Work to complete: Go to the line containing "Việc nhầm lẫn" and retype it and every later line exactly as written, up to the last line of the entries. Keep pictures out.

Dataset excerpts:
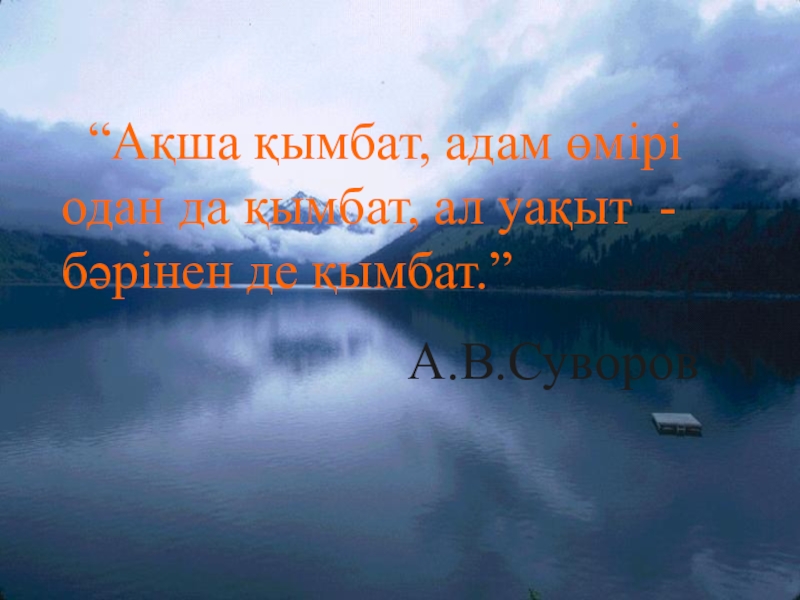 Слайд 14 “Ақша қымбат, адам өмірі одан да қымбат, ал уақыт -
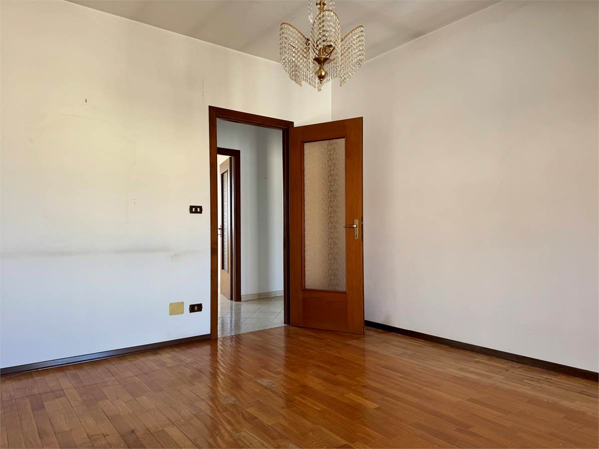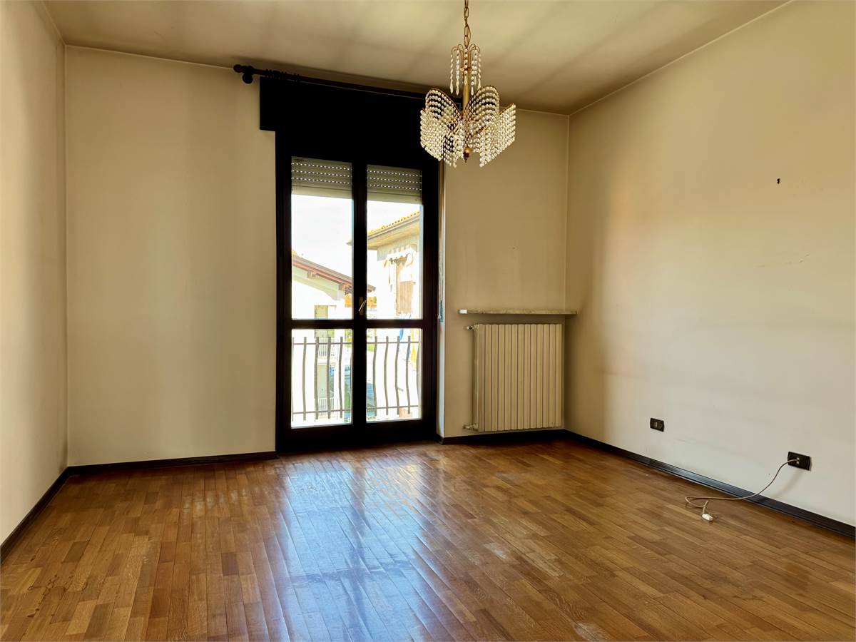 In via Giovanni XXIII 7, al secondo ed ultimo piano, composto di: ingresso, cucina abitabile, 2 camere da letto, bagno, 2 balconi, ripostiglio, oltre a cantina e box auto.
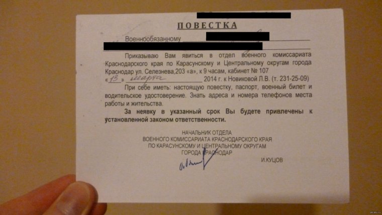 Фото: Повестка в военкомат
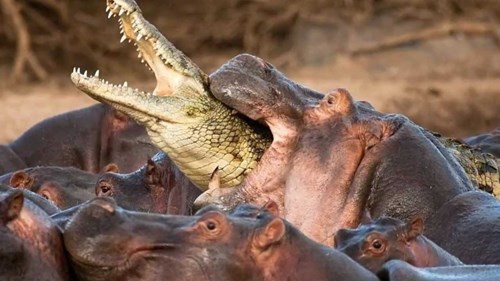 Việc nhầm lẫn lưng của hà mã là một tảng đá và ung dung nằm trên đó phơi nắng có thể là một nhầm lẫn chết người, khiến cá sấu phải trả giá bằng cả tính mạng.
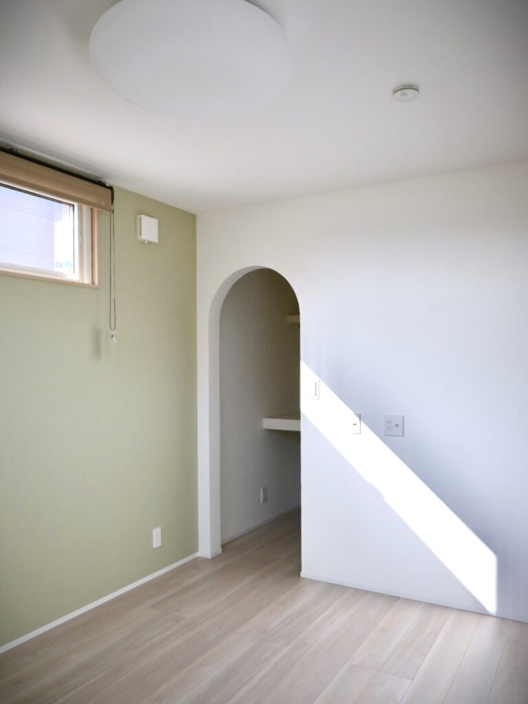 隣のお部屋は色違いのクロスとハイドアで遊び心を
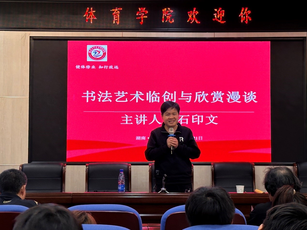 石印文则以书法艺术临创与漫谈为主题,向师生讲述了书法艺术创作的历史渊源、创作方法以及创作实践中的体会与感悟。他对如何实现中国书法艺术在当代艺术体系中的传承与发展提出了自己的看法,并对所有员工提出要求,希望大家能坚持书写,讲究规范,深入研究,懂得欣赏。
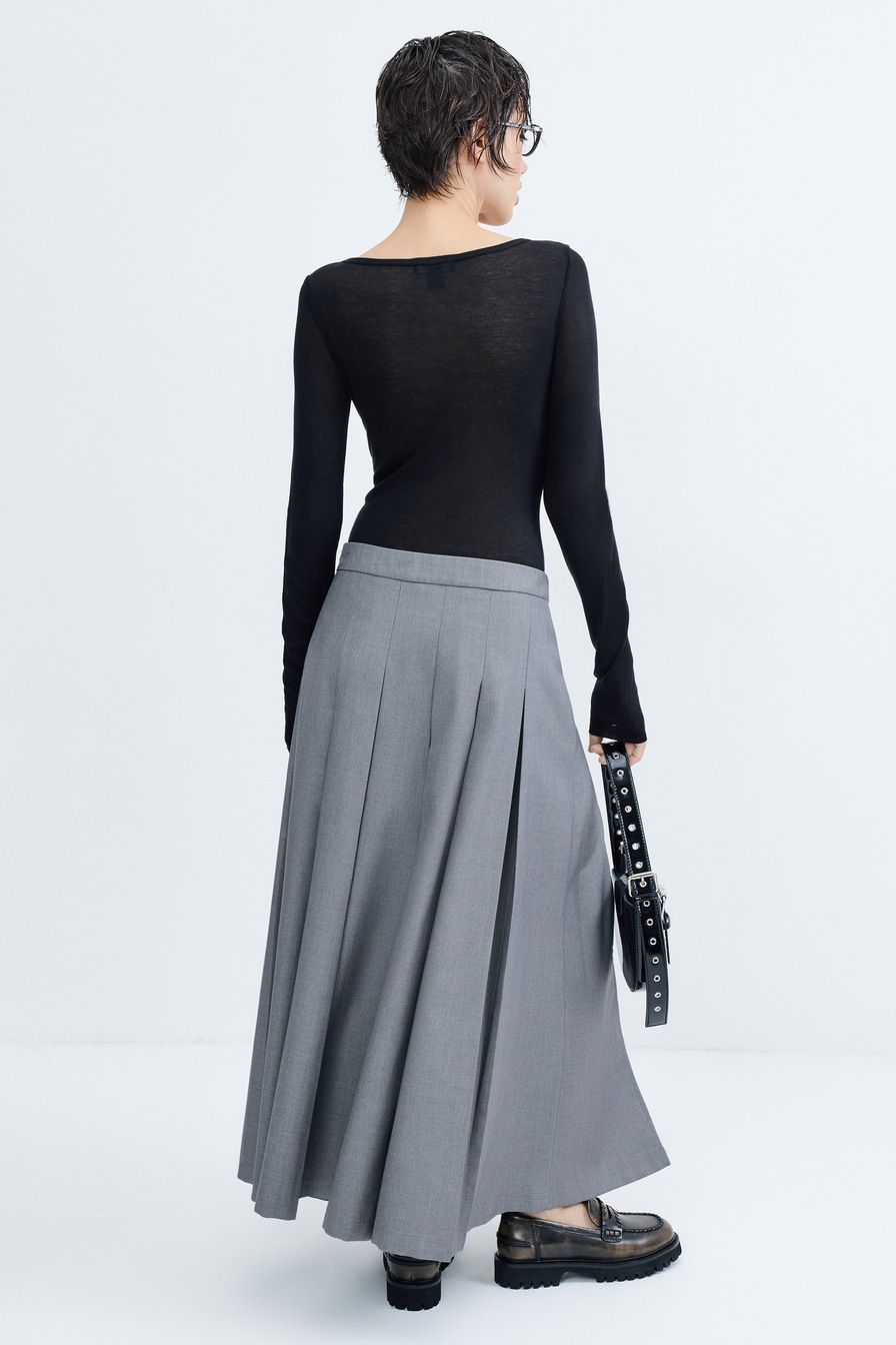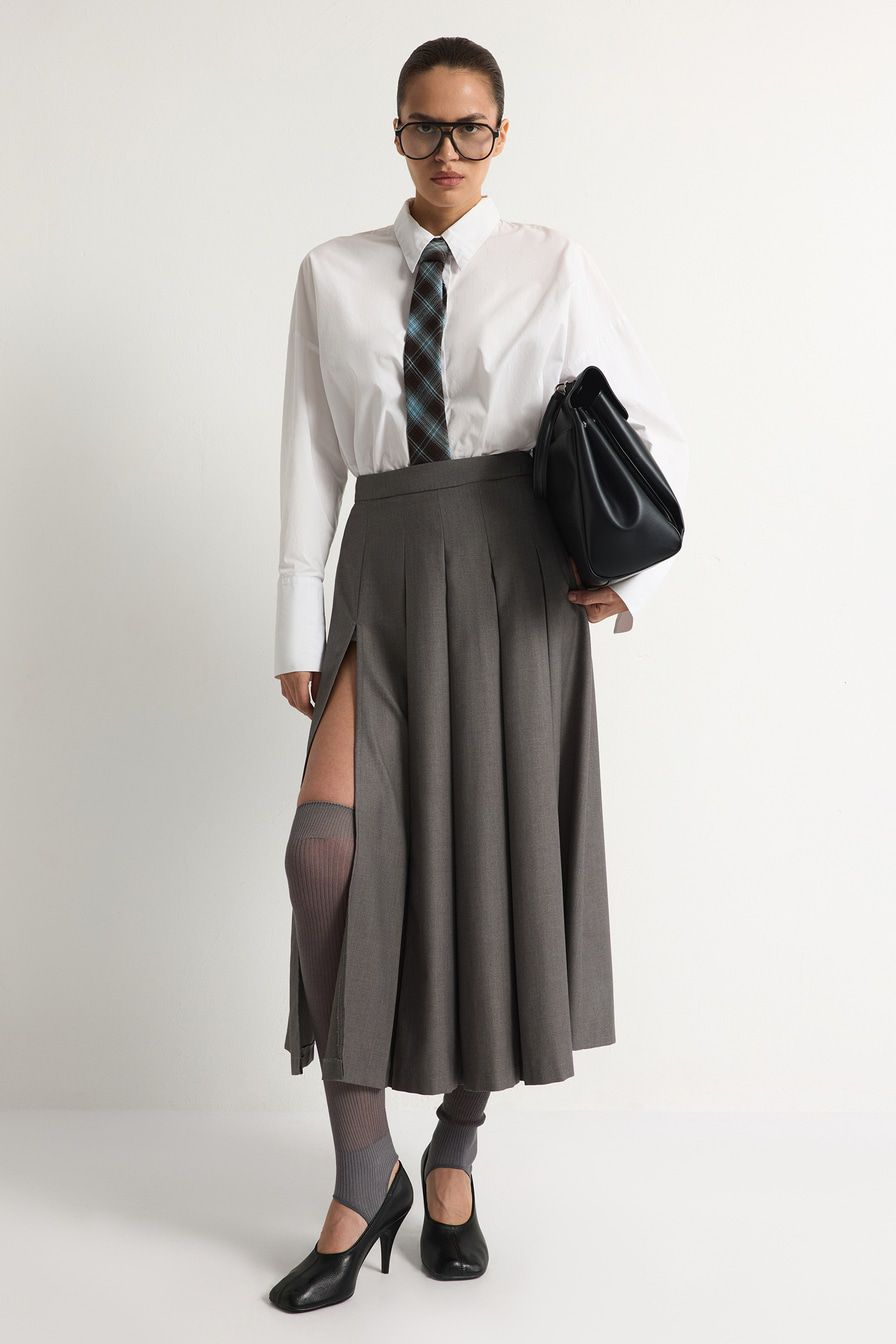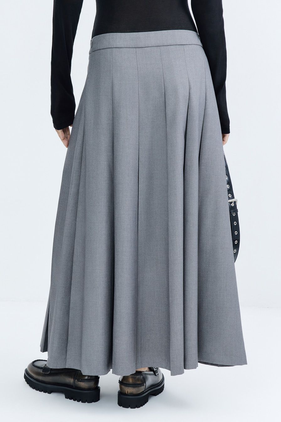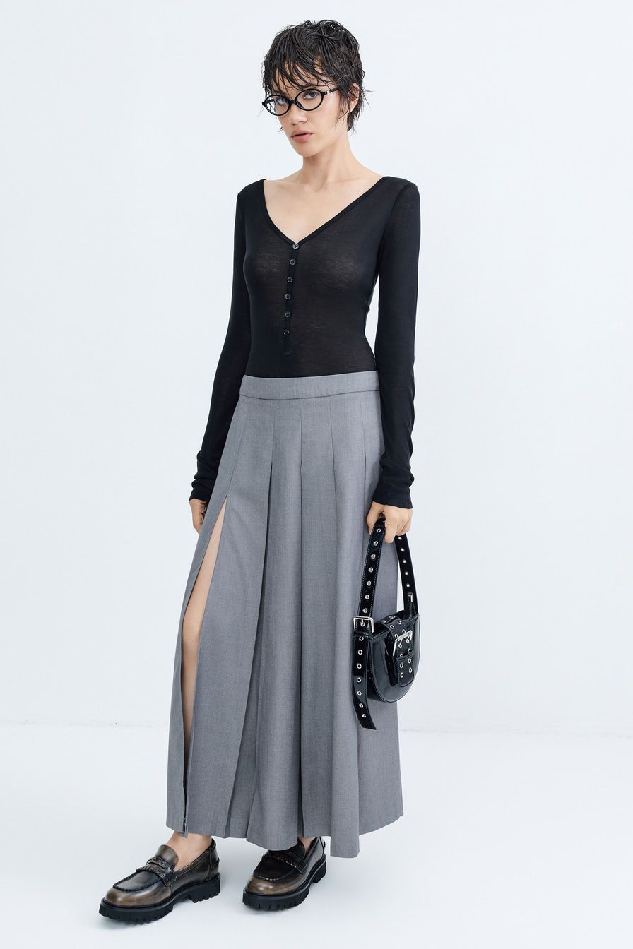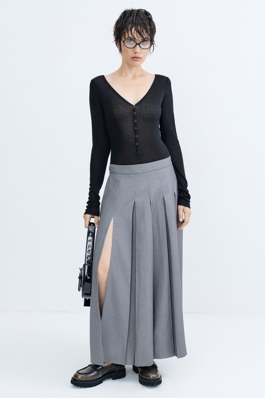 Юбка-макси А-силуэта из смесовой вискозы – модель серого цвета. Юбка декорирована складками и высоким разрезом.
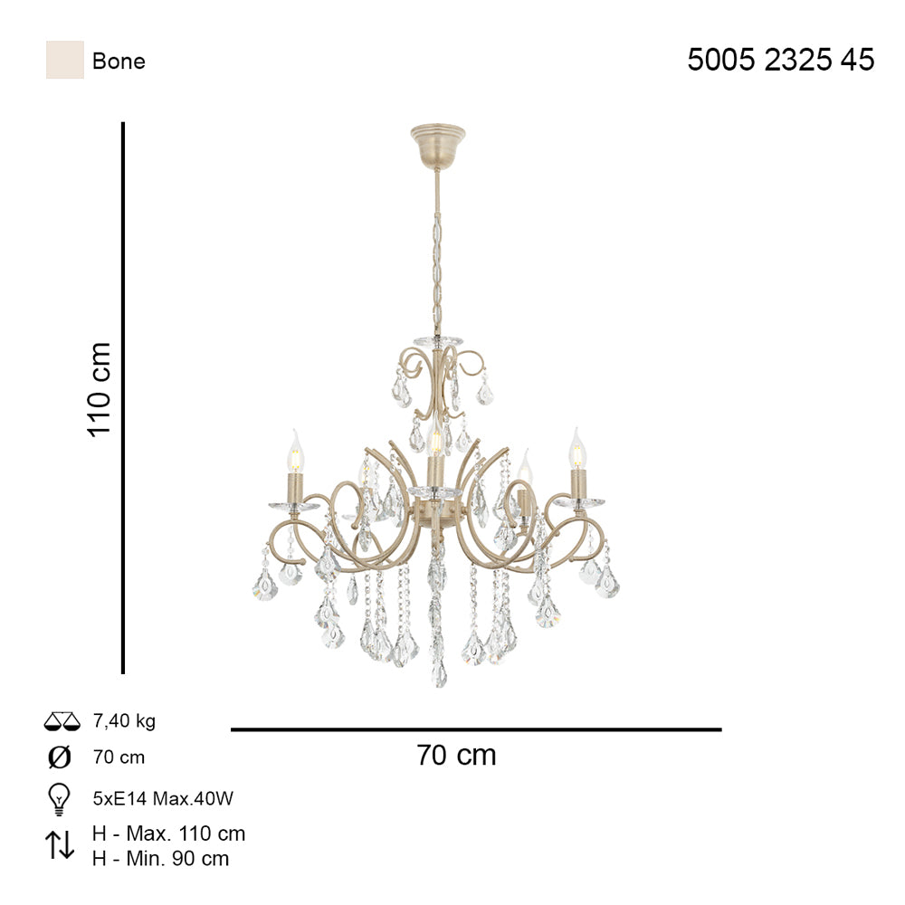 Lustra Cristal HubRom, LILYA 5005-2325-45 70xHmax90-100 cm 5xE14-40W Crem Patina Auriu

Answer section:
 Việc nhầm lẫn lưng của hà mã là một tảng đá và ung dung nằm trên đó phơi nắng có thể là một nhầm lẫn chết người, khiến cá sấu phải trả giá bằng cả tính mạng.
 隣のお部屋は色違いのクロスとハイドアで遊び心を
 石印文则以书法艺术临创与漫谈为主题,向师生讲述了书法艺术创作的历史渊源、创作方法以及创作实践中的体会与感悟。他对如何实现中国书法艺术在当代艺术体系中的传承与发展提出了自己的看法,并对所有员工提出要求,希望大家能坚持书写,讲究规范,深入研究,懂得欣赏。
 Юбка-макси А-силуэта из смесовой вискозы – модель серого цвета. Юбка декорирована складками и высоким разрезом.
 Lustra Cristal HubRom, LILYA 5005-2325-45 70xHmax90-100 cm 5xE14-40W Crem Patina Auriu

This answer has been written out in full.